Tebuireng.online— Libur lebaran tiba. Seperti tahun-tahun sebelumnya, santri putra Pesantren Tebuireng sebelum pulang ke rumah masing-masing menikmati liburan yang lumayan panjang, para santri membacakan tahlil dan berpamitan dengan para pengurus pondok. Mereka bersalam-salaman dengan para ustadz dan pengurus pada Sabtu (02/Juni/2018) siang di komplek maqbarah Masyayikh Tebuireng.
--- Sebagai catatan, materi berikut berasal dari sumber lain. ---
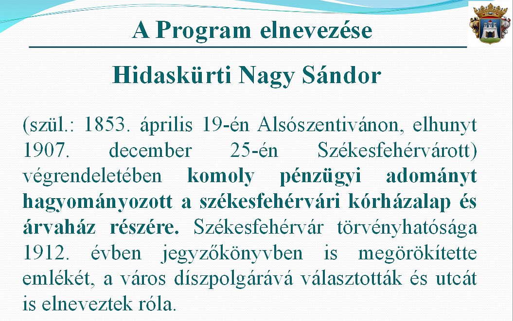 LETÖLTHETŐ prezentáció a Hidaskürti Nagy Sándor Városi Idősotthoni Programról (.ppt, 13MB)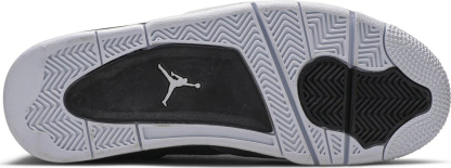 The 4 Retro 'Fear' features a black . Pure Platinum . and Cool Grey upper with white accents. The design also includes a black speckled midsole . red unit . and a white outsole. Released in August 2013 . the sneaker dropped alongside 3 and 5 'Fear' colorways.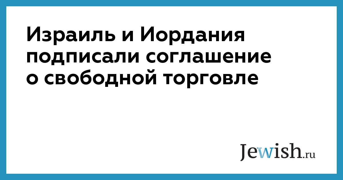 Израиль и Иордания подписали соглашение о свободной торговле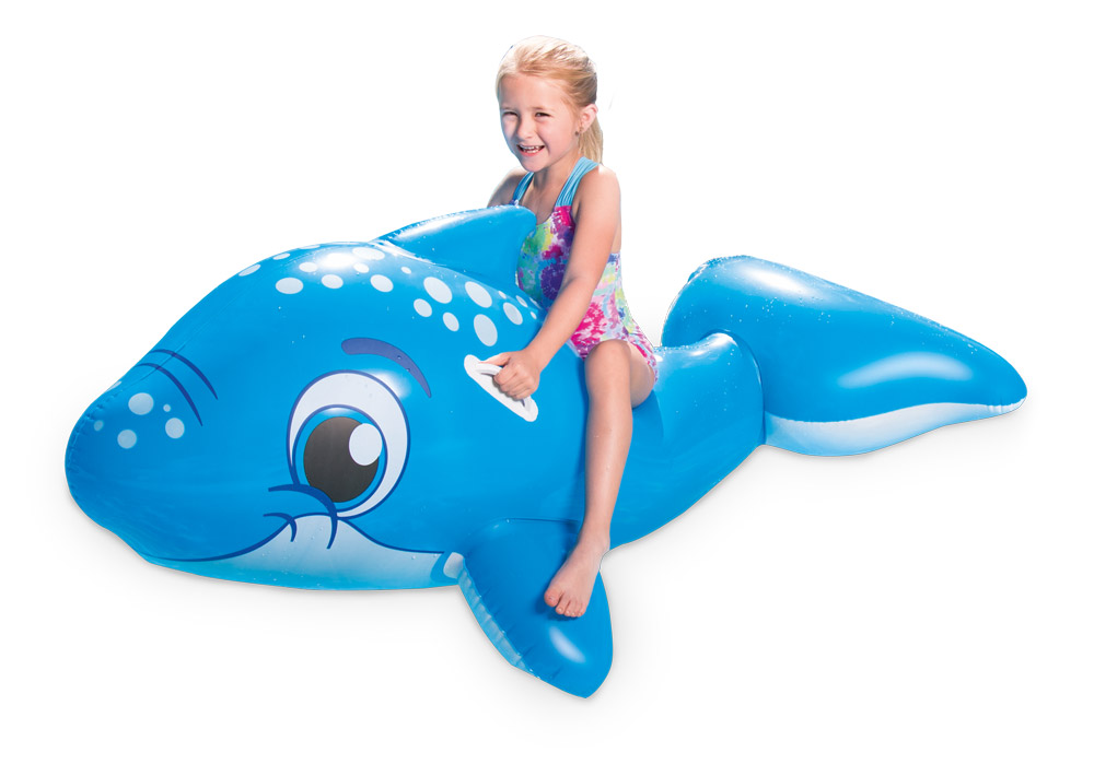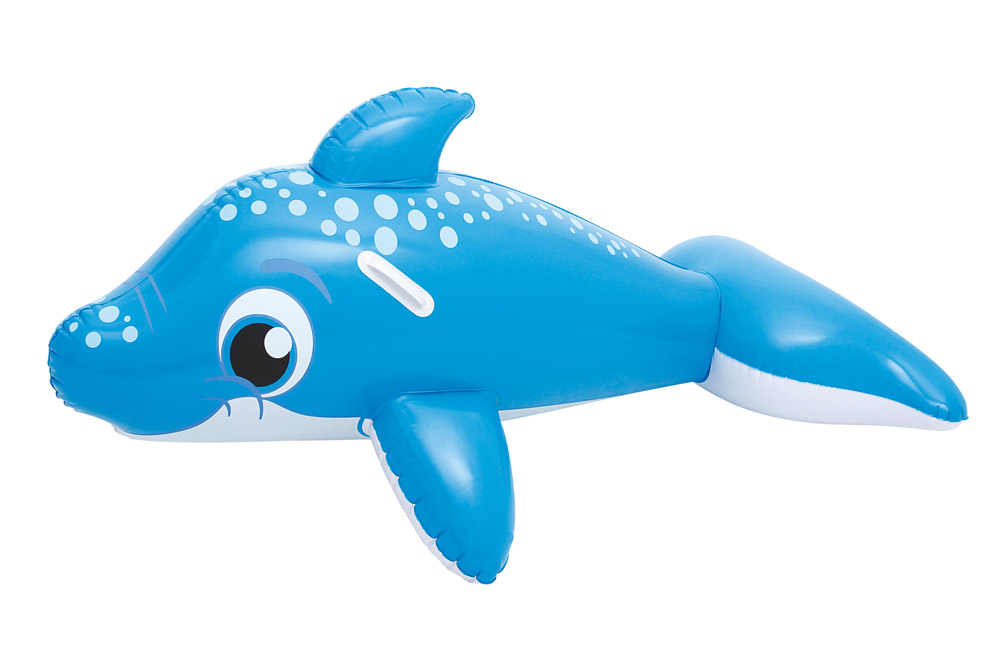 Nafukovací lehátko v podobě delfína je dostatečně dlouhé pro nasednutí a zcela bezpečné díky dvěma plastovým úchytům. Děti se po nasednutí přidržují pevných madel, která zajišťují jejich rovnováhu i při větším dovádění ve vodě.

Kepala Pondok Putra Pesantren Tebuireng, Ustadz Iskandar, dalam sambutan pengarahannya menyampaikan beberapa hal yang harus diperhatikan oleh para santri menjelang liburan, di antaranya para santri sebelum pulang harus sudah mengetahui kelompok pengajiannya baik pengajian al-Quran maupun pengajian Takhassus.

“Ketika kembali ke pondok santri bisa langsung aktif mengikuti pengajian di kelompoknya masing-masing, santri harus membersihkan kamarnya masing-masing dan merapikan serta mengamankan barang-barang tertentu agar tidak terjadi hal yang tidak diinginkan,” tambah Ustadz Iskandar.
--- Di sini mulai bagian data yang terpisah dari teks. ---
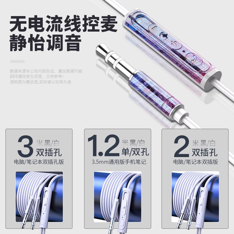 耳机有线入耳式台式电脑usb电竞游戏笔记本带麦二合一圆孔2米加长
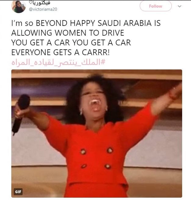 “I’m beyond happy Saudi Arabia is allowing women to drive. Everyone gets a carrr!,” another tweeted, sharing a popular Oprah Winfrey GIF.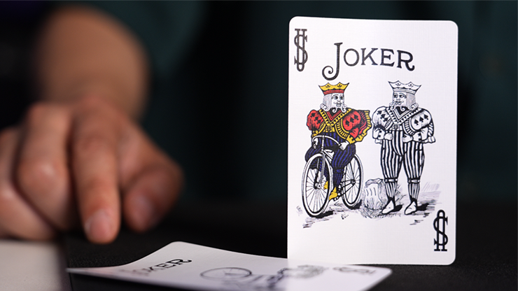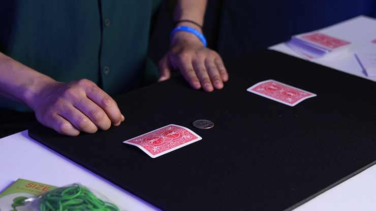 The magician shows two playing cards (Big Joker & Little Joker) and a coin, demonstrating how the coin vanishes and travels between the cards. When the spectator tries it themselves, the "magic" suddenly stops working. Just as everyone wonders what went wrong, the cards are turned over: the Little Joker has disappeared, leaving only a bicycle on his card... while on the Big Joker's card, the Little Joker is now clinging tightly to the Big Joker, exchanging an awkward glance.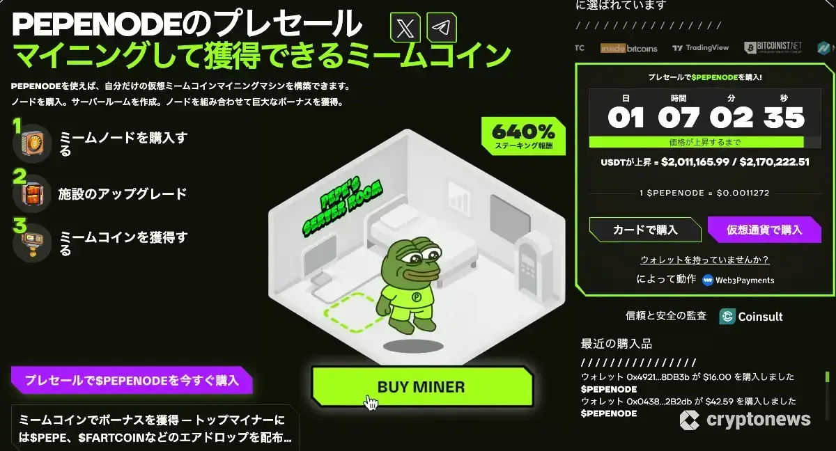 PEPENODEは、ETH、BNB、USDT(ERC-20およびBEP-20)、さらにはクレジットカードやデビットカードを使用して購入可能。

Menyambung kepala pondok, Mudir bidang Pembinaan Pondok, H. Lukman Hakim menyampaikan kepada para santri untuk menjaga nama baik almamater Pesantren Tebuireng ketika berada di daerah masing masing.
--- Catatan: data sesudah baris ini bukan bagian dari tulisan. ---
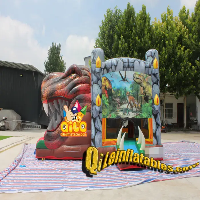 The Dinosaur Themed Bouncing Slide Combo can accommodate a maximum weight capacity of 100-500 kg.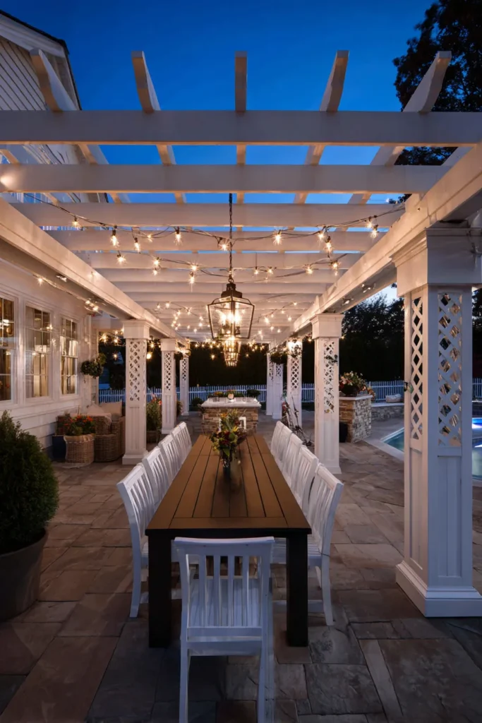 This beautiful pergola design creates a sophisticated, traditional outdoor dining room that feels like a natural extension of the classic white house it’s attached to. The structure is painted a crisp white, featuring lovely decorative lattice details on the columns that add a charming, cottage-style touch. A long, dark wood dining table is perfectly centered beneath the beams, flanked by matching white-painted dining chairs, providing seating for a large group. The atmosphere after dark is completely magical, thanks to an elegant central lantern and multiple strands of warm, festive string lights woven across the top, setting the perfect mood for evening entertaining.

Pengusaha duren itu bercerita bahwa seluruh santri Pesantren Tebuireng di manapun berada semuanya mendapatkan barokah, ilmunya bermanfaat. Namun, H. Lukman tak menampik, ada beberapa santri Tebuireng yang kurang manfaat ilmunya, tetapi hal itu, menurutnya, bukan karena Tebuireng, melainkan karena dirinya sendiri yang tidak menghargai Tebuireng.

Majalah TebuirengIklan Tebuireng Online

“Santri Tebuireng yang bisanya sampai rumah kurang manfaat ilmunya bukan karena Teburiengnya, bukan karena ustadznya, bukan karna kiainya, tapi karena dirinya sendiri tidak menghargai Tebuirang, tidak menghargai (diri) sebagai santri,” terang pemilik grosir pakaian an Nur itu.

Terakhir, H. Lukman mendoakan para santri agar benar benar bisa menikmati liburan lebaran tahun ini dengan membawa nama baik Pesantren Tebuireng ke daerahnya masing-masing dan nanti pertengahan Juli bisa kembali ke Tebuireng dengan selamat.

Setelah sambutan dan pembacaan tahlil, satu persatu para santri bersalaman dengan pengurus. Sabtu pagi ini juga, sebelum pulang, para santri mengambil rapor belajar di unit masing-masing, jadwal liburan lebaran tahun ini dimulai dari tanggal 03 Juni 2018 sampai dengan 13 Juli 2018.

Beberapa santri ada yang pulang secara rombongan diatur oleh organisasi daerah masing masing, dan beberapa ada yang pulang secara pribadi dengan menggunakan tranportasi umum, seperti kereta api, bus, pesawat, dan armada transportasi lainnya.